Of course, we didn’t end up training to Tony Bennett. I knew we wouldn’t. We landed on Bowie. Or Blondie. Or Chappell Roan. Or maybe Shaboozey. There’s a lot to choose from these days.
For me, this delight in music is a homecoming.
Fifteen years ago, in the aftermath of head and brain injury, my nervous and endocrine systems blew. I was in debilitating, non-stop head pain (went to bed with it, woke up with it), stayed awake for three or four days straight and when I did manage sleep it was for two or three hours, everything was flipping and spinning, I was skyrocketingly sensitive to light and sound, my heart would not stop racing, I couldn’t find my way home from a block away, couldn’t follow conversations involving more than one person, narrated everything I was doing inside my head (“I am opening the door, I am walking across the room…”), and so much more. I was terrified beyond all description, so I won’t even try.
And in the throes of this, I lost my connection to music.
From the day I was born there were always two truths to my life: cats and music. I grew up listening to Tony Bennett, Nat King Cole, Frank Sinatra -- and later Joan Baez, Bob Dylan, Leonard Cohen (I would soon learn it was impossible to rebel against my parents with music, because they liked all the good stuff, even The Sex Pistols).
By the time I was twelve or thirteen, I had a supersonic stereo that I knew how to break down and put back together even in the dark, the sort a record executive might own, bought with my own determinedly saved up money. I spent hours in record stores, mooning over new albums, running my hands over the smooth covers. At home, the sound of the needle hitting vinyl both calmed and ignited me like few other things did. My walls were plastered in band posters given to me by kind-hearted record shop clerks who took pity on me as I paced their aisles so often.
I spent half my youth sprawled across my bed, cats wrapped around me, headphones snug against my ears, the red dot of my amp’s power button bright first in the daylight and then the encroaching darkness and then the dark. Everything seemed possible then. My fledging spirit buoyed by these beats and sonorous swoops and arrangements of words. They lifted me; they plumped hollow pockets of my body I didn’t even know were hollow; they made me feel beautiful; they justified my anger; they nourished my sorrowful heart; they fortified my young, yearning soul. They made the world feel big and me feel brave. They gave me hope.

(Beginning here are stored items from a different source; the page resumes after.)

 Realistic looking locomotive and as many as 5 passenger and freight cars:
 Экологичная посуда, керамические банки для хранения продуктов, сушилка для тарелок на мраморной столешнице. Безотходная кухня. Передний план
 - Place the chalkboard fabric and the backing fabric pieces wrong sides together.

Exactly how they did this, defies language. But anyone who has been saved by music knows.
Starting at what, looking back, feels like far too young of an age, I went to near weekly concerts—Bowie, Blondie, The Clash, Springsteen (back in the small club days), Elton John, The Who (when Keith Moon was still alive), Elvis on New Year’s Eve, when he split his pants (my first concert, I was twelve), Fleetwood Mac, Patti Smith, Willie Nelson, The Jam, Roxy Music, The Allman Brothers and so many, many, many more—wriggled my way to the front of the stage and then afterwards, talked my way backstage. Then I’d rush home and write about it in a flurry in my journal.
So it was a natural progression when, in my thirties, I began interviewing musicians: Sinéad O’Connor (my favorite ever singer), Tony Bennett (one of the kindest, most generous humans I’ve ever met), Radiohead, Metallica, Mary J. Blige, Tricky, Richard Ashcroft (swoon) and so many more: all the musicians I loved, I got to hangout with. Only now I was invited backstage and rather than my journal I wrote about them for Interview and Vh-1 and other music outlets.

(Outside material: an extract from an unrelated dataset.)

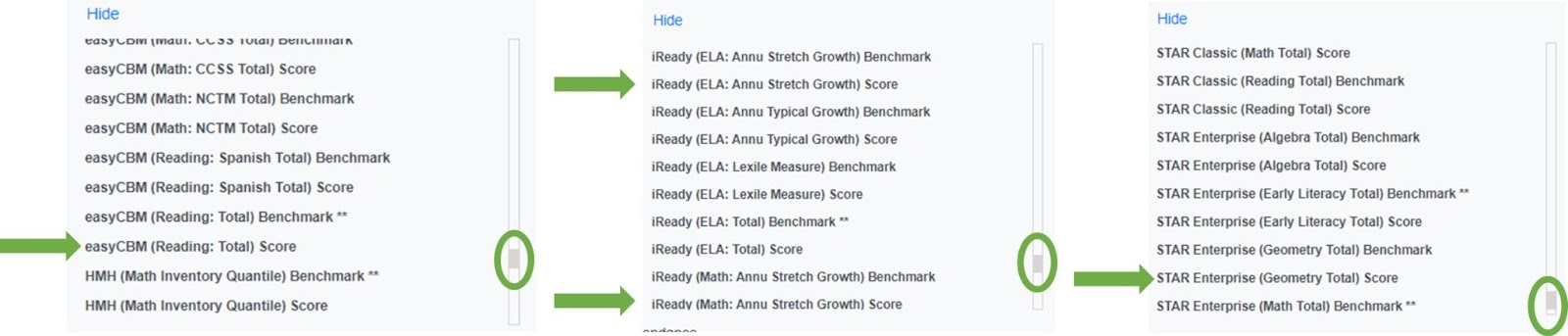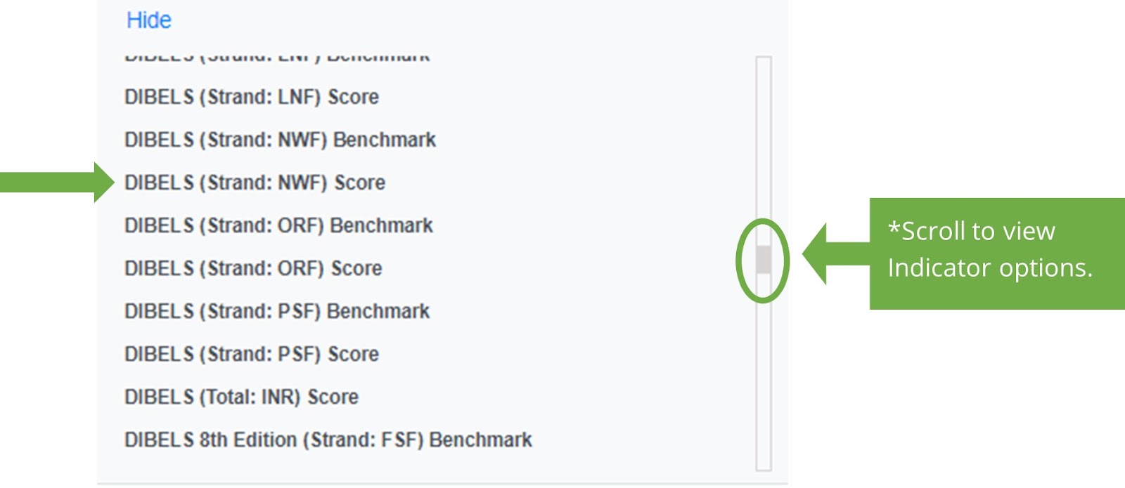 Click on the Indicator(s) you would like to include in your KPI for Progress Monitoring Measure Group.

I also married a rock musician and often joined him on tour. Walking arm-in-arm into the back entrance of Wembley Arena whilst screaming fans hung off the gates put me in mind of being in a Beatles documentary. And I loved it.

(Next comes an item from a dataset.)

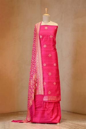 This Pink pure raw silk suit set is a classic choice for festive events and traditional gatherings. The kurta features gold zari woven buta all over, complemented by an antique zari woven border on the hemline. It is paired with a coordinated bottom fabric that also has an antique zari woven border. The set includes a pink bandhani dupatta, intricately woven with zari all over, completing this elegant dress material ensemble.

I dragged my cats and stereo and boxes and boxes of albums and tapes and CDs from apartment to apartment (I seemed to move every two or three years during my decades in Manhattan), lugging them up five flights of stairs (I always ended up in top floor apartments). From the moment I woke, until bedtime, music played. My shield against a hard world. My celebration of a joyful world, a beautiful, hopeful world. My salve for a crushing world. It was also inspiration: I couldn’t write without it playing. Likewise, I couldn’t make love; couldn’t clean the house; couldn’t shower; couldn’t eat meals, couldn’t talk on the phone, couldn’t read a book without it. My cats groomed themselves in front of the vibrating speakers, as if bird songs were seeping through. My stereo was quiet only while I slept.
And then, in that aftermath of head and brain injury, my house fell into silence.
Everything that had nourished me, now overwhelmed me. I couldn’t handle the beats and rhythms and twangs. Clarence Clemons’ saxophone solo on Jungleland. The magnificent backup vocals on Gimme Shelter. Sinéad’s heart-piercing vocals, her lyrics on Three Babies (The face on you/The smell of you/Will always be with me). Everything Johnny Cash. It was all too much.
I wept at the loss of this sweet and wise companion, my most sustained and tender friendship. It felt like a death.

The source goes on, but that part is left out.